** What this task involves **
Repeat, word for word, each of the records shown below, without their pictures.

[Stored records]
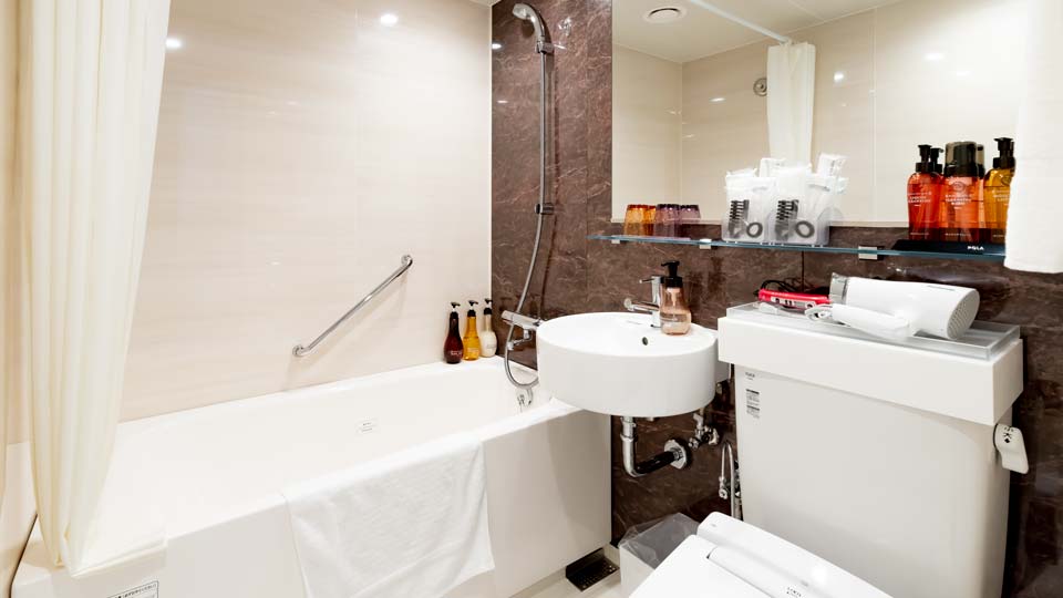 The separate bathroom has a washing area. Stretch out your arms and legs, and relax in the bathtub that you can soak your shoulders in. The water temperature is set at the right level to make you feel comfortable.
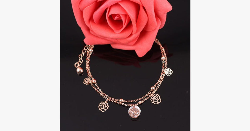 Beautifully deatiled with rose charms and sparkling rhinestones this anklet is a truly gorgeous piece that will add instant class to any formal outfit. The dangling cutout rose charms will give you a fun flirty look that will be sure to set you apart from the crowd. A wonderful gift to share with the one you love most!
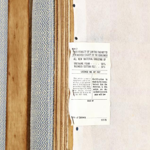 Second half 20th century, carved and off-white washed frame, light blue and golden yellow chevron upholstery, down-filled loose seat cushion.
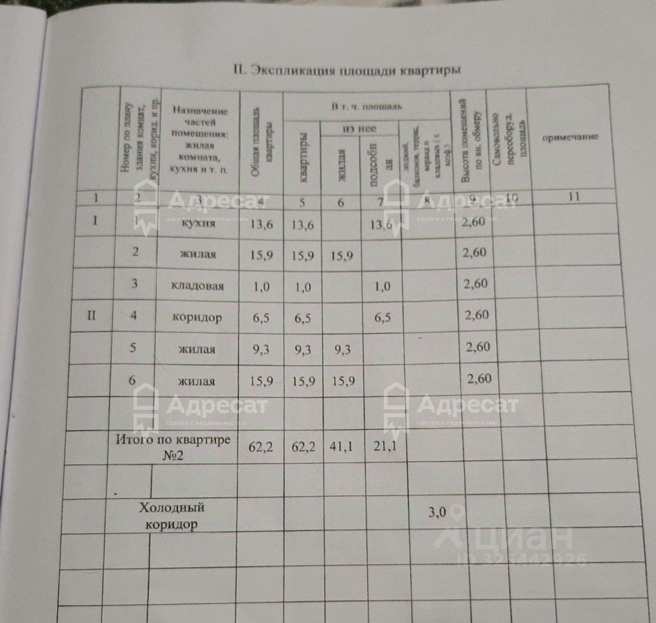 Общая площадь - 62,2 кв.м
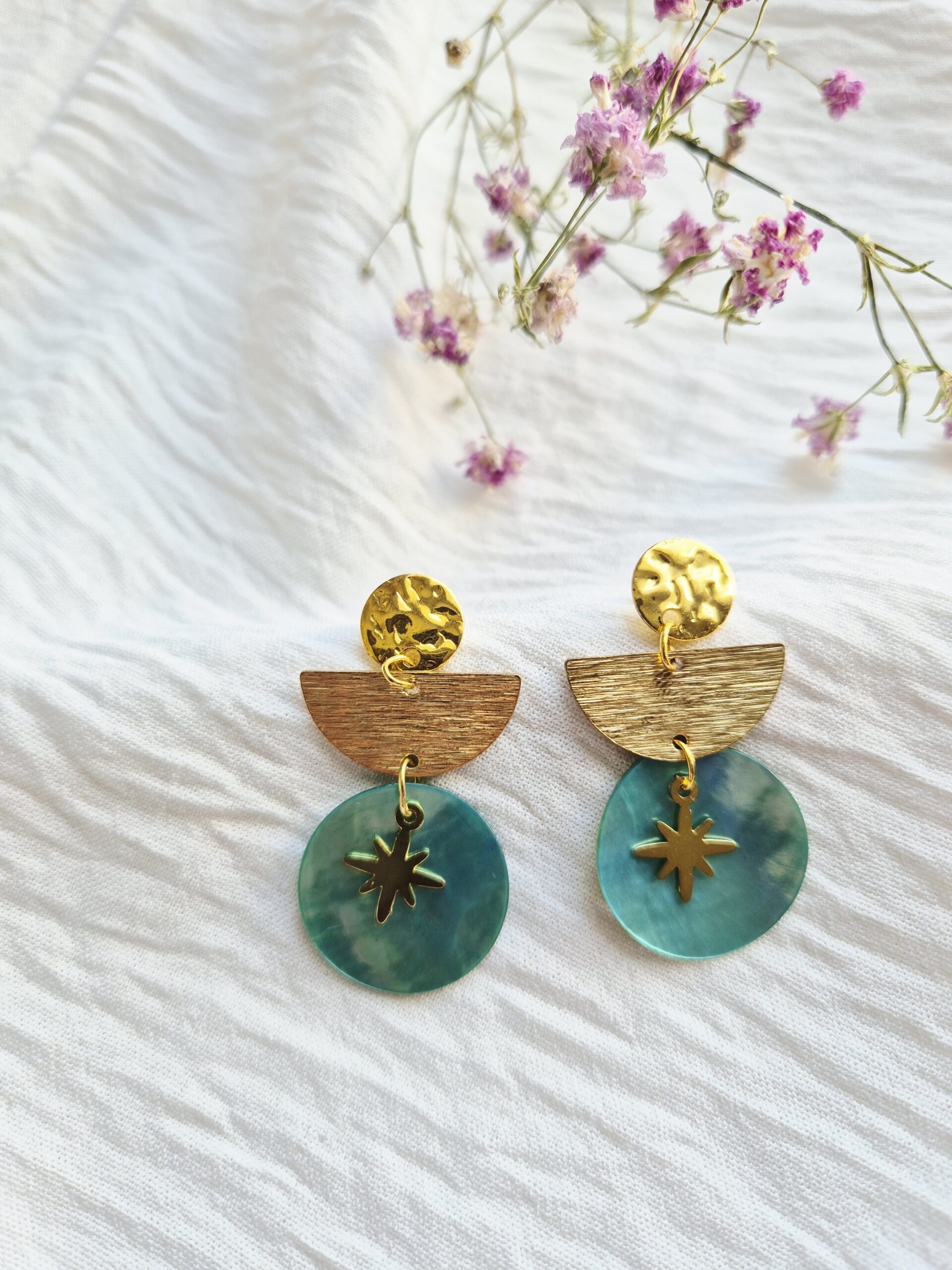 Le contraste entre le doré martelé et la nacre turquoise apporte une touche à la fois douce et solaire à ton look.
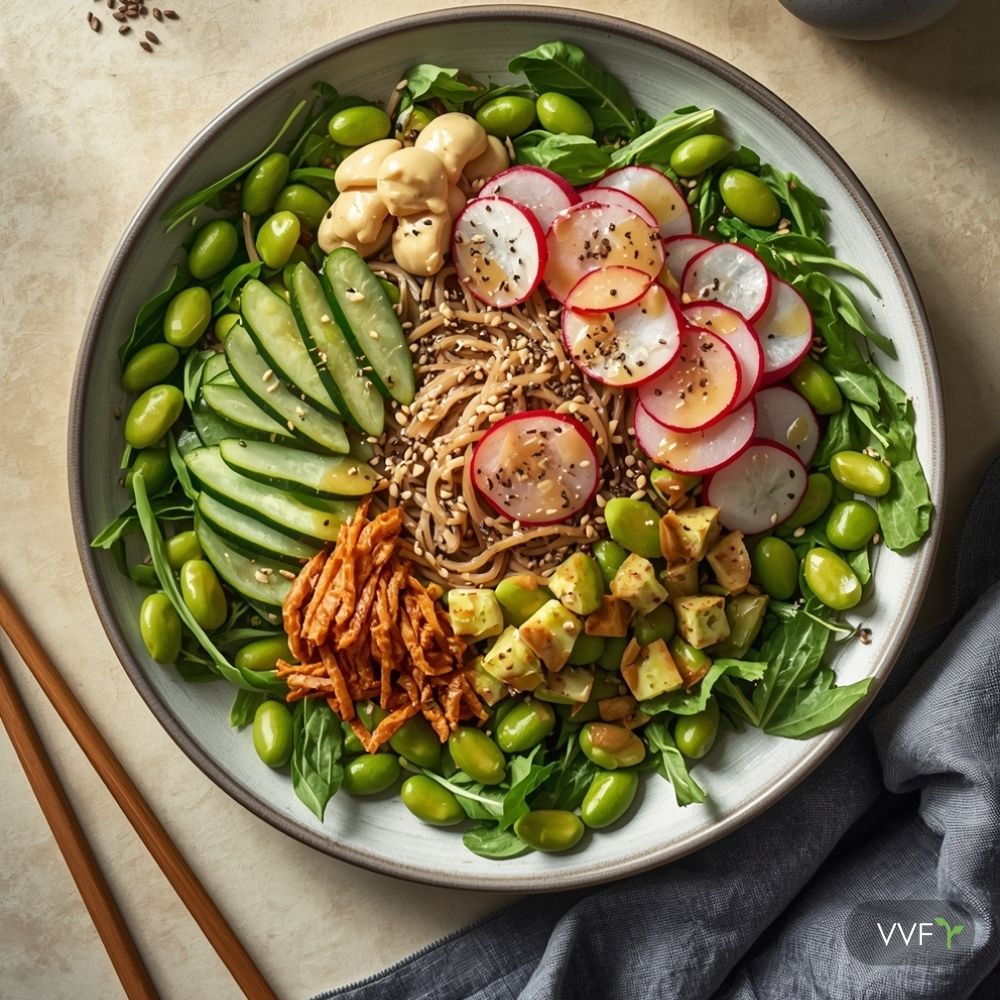 This is the bowl I make when I want something that feels effortless and clean but delivers serious nutrition. Buckwheat soba cooked and immediately rinsed in cold water until the noodles are springy, separate, and completely non-gummy β the cold rinse is the one technique that separates good soba from a starchy clump. Edamame cooked in the same pot in the final 3 minutes. Everything chilled together, tossed with a sesame-miso dressing that is nutty, tangy, and deeply umami, then layered over arugula with cucumber matchsticks, radish coins, and pickled ginger on top.
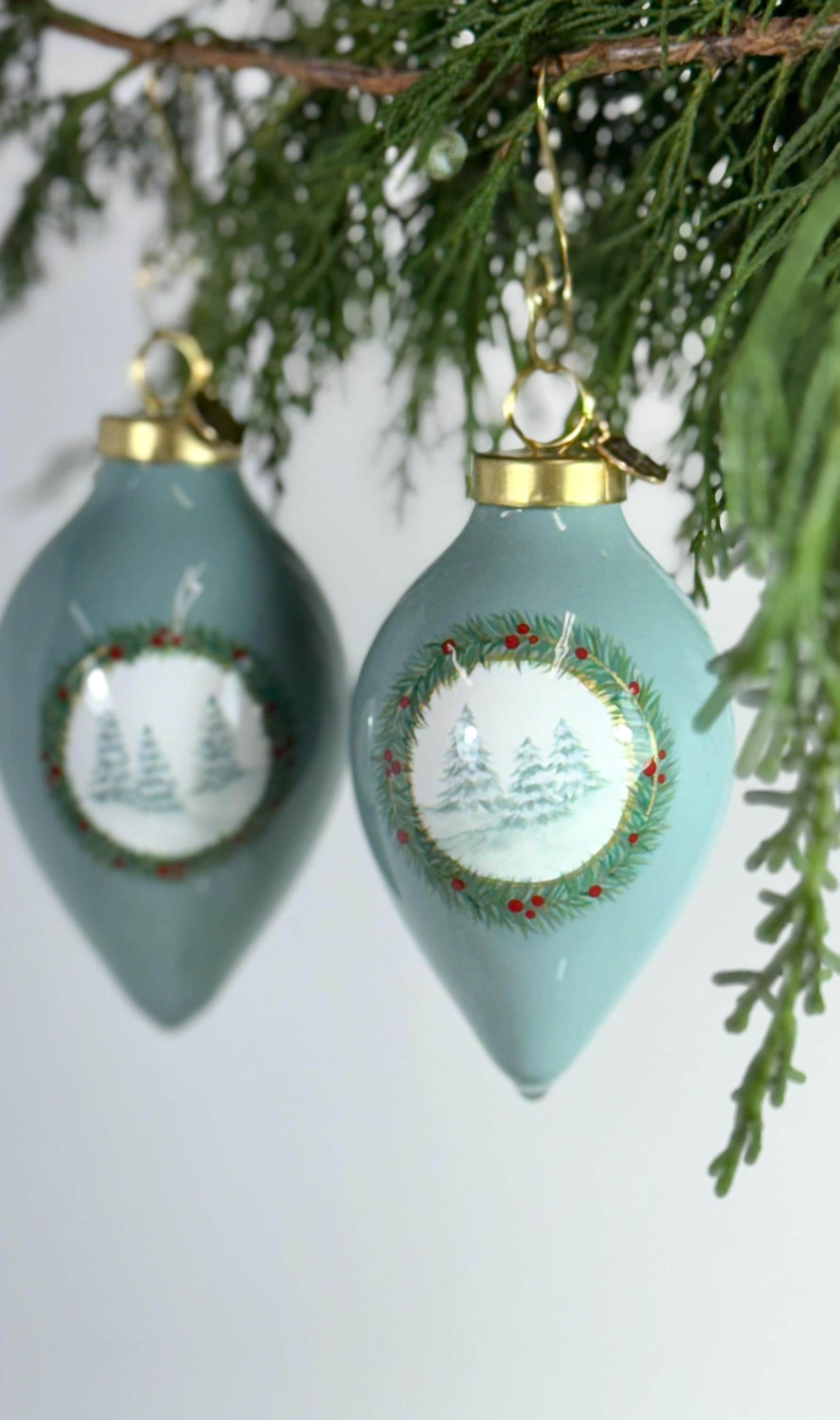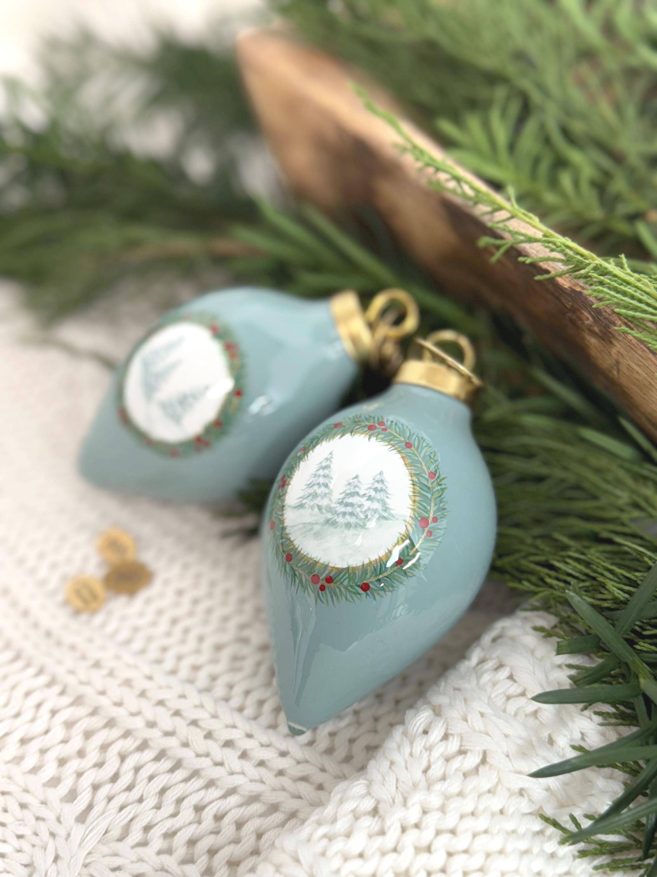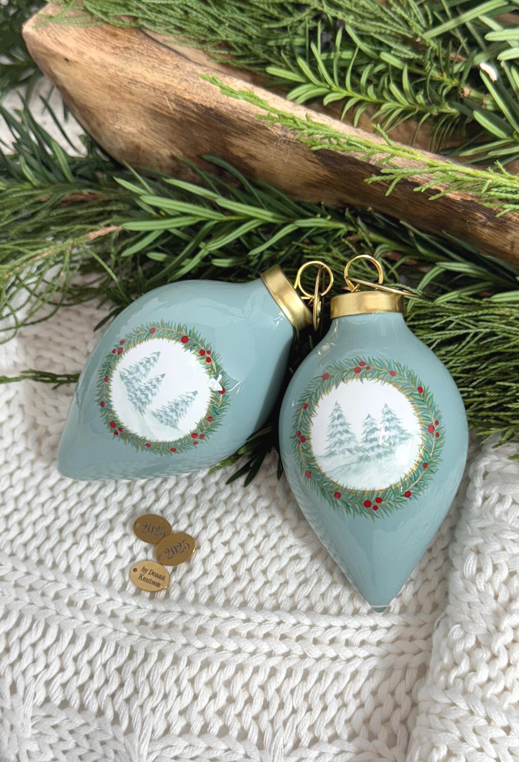 My robins egg blue Winter Trees ornament. A beautiful hand painted ceramic ornament in a classic tear drop shape. Embellished with winter trees, a holiday wreath & accents of gold and red. Complete with a coat of shiny resin to add to the holiday sparkle. Each one is topped off with a gold tag engraved with my signature and ‘2025’ to mark the year. No two are alike. Treat yourself or make it the perfect gift.
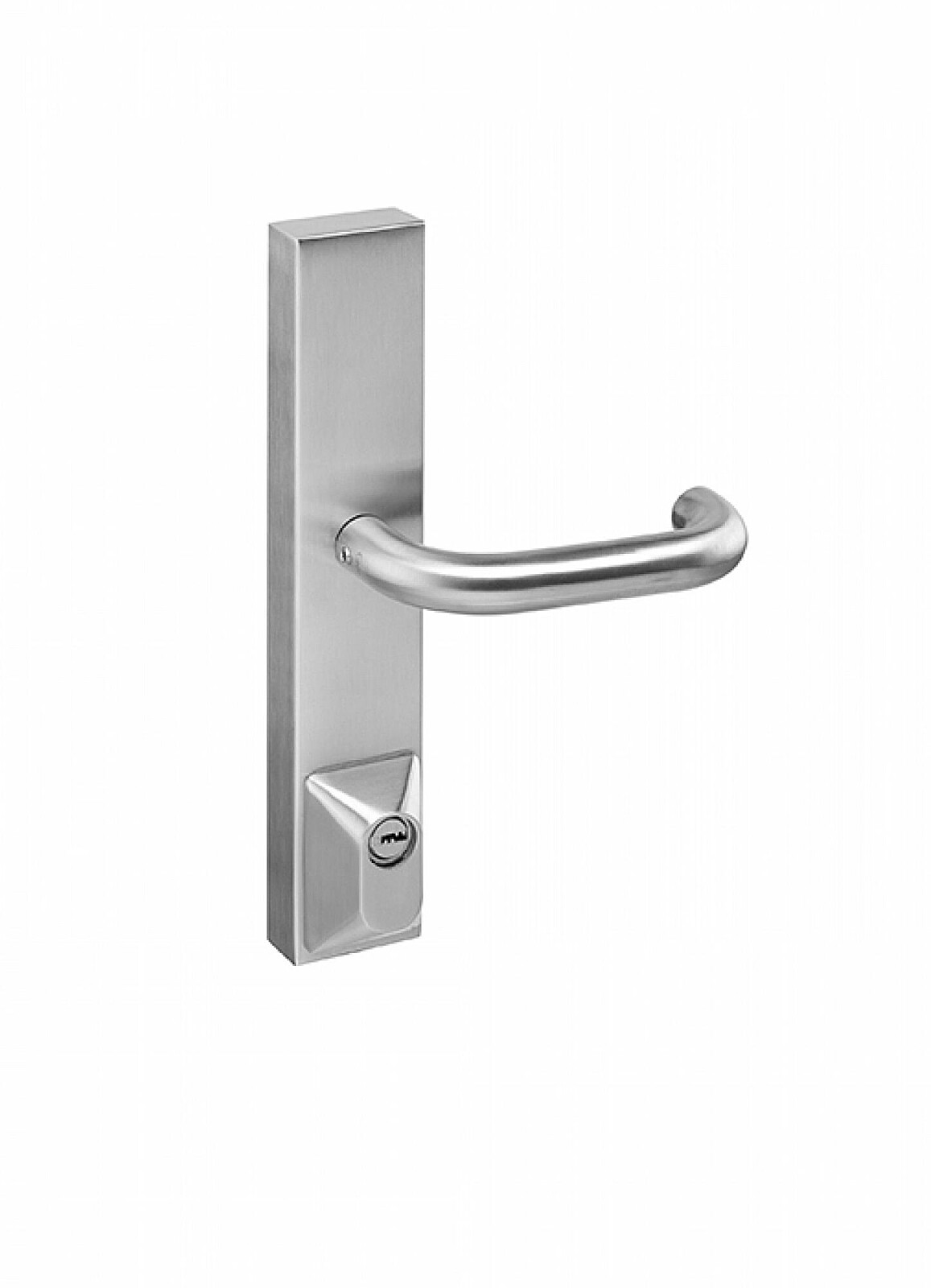 Štítová paniková klika IN.20.950 je vyrobená z kvalitního materiálu nerezavějící oceli s povrchovou úpravou a je vhodná pro panikové kování IN.20.951. Klika má integrovanou cylindrickou půlvložku, nepřechází přes zadlabací zámek.
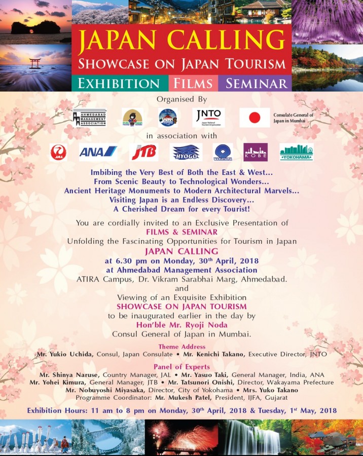 « All Events This event has passed. JAPAN CALLING – Showcase on Japan Tourism – Exhibition – Films – Seminar April 30, 2018 @ 11:00 am - May 1, 2018 @ 8:00 pm UTC+5.5 « Japan-India Friendship: Activities of JICA in India Experiences of Japanese Business in India – Some Points to Ponder » You do not have permission to view this form. Add to calendar Google Calendar iCalendar Outlook 365 Outlook Live Details Start: April 30, 2018 @ 11:00 am UTC+5.5 End: May 1, 2018 @ 8:00 pm UTC+5.5 Event Categories: Business Seminar, Exhibition, Movie Organizer Venue Formidable Style

** Reply to the exercise **
 The separate bathroom has a washing area. Stretch out your arms and legs, and relax in the bathtub that you can soak your shoulders in. The water temperature is set at the right level to make you feel comfortable.
 Beautifully deatiled with rose charms and sparkling rhinestones this anklet is a truly gorgeous piece that will add instant class to any formal outfit. The dangling cutout rose charms will give you a fun flirty look that will be sure to set you apart from the crowd. A wonderful gift to share with the one you love most!
 Second half 20th century, carved and off-white washed frame, light blue and golden yellow chevron upholstery, down-filled loose seat cushion.
 Общая площадь - 62,2 кв.м
 Le contraste entre le doré martelé et la nacre turquoise apporte une touche à la fois douce et solaire à ton look.
 This is the bowl I make when I want something that feels effortless and clean but delivers serious nutrition. Buckwheat soba cooked and immediately rinsed in cold water until the noodles are springy, separate, and completely non-gummy β the cold rinse is the one technique that separates good soba from a starchy clump. Edamame cooked in the same pot in the final 3 minutes. Everything chilled together, tossed with a sesame-miso dressing that is nutty, tangy, and deeply umami, then layered over arugula with cucumber matchsticks, radish coins, and pickled ginger on top.
 My robins egg blue Winter Trees ornament. A beautiful hand painted ceramic ornament in a classic tear drop shape. Embellished with winter trees, a holiday wreath & accents of gold and red. Complete with a coat of shiny resin to add to the holiday sparkle. Each one is topped off with a gold tag engraved with my signature and ‘2025’ to mark the year. No two are alike. Treat yourself or make it the perfect gift.
 Štítová paniková klika IN.20.950 je vyrobená z kvalitního materiálu nerezavějící oceli s povrchovou úpravou a je vhodná pro panikové kování IN.20.951. Klika má integrovanou cylindrickou půlvložku, nepřechází přes zadlabací zámek.
 « All Events This event has passed. JAPAN CALLING – Showcase on Japan Tourism – Exhibition – Films – Seminar April 30, 2018 @ 11:00 am - May 1, 2018 @ 8:00 pm UTC+5.5 « Japan-India Friendship: Activities of JICA in India Experiences of Japanese Business in India – Some Points to Ponder » You do not have permission to view this form. Add to calendar Google Calendar iCalendar Outlook 365 Outlook Live Details Start: April 30, 2018 @ 11:00 am UTC+5.5 End: May 1, 2018 @ 8:00 pm UTC+5.5 Event Categories: Business Seminar, Exhibition, Movie Organizer Venue Formidable Style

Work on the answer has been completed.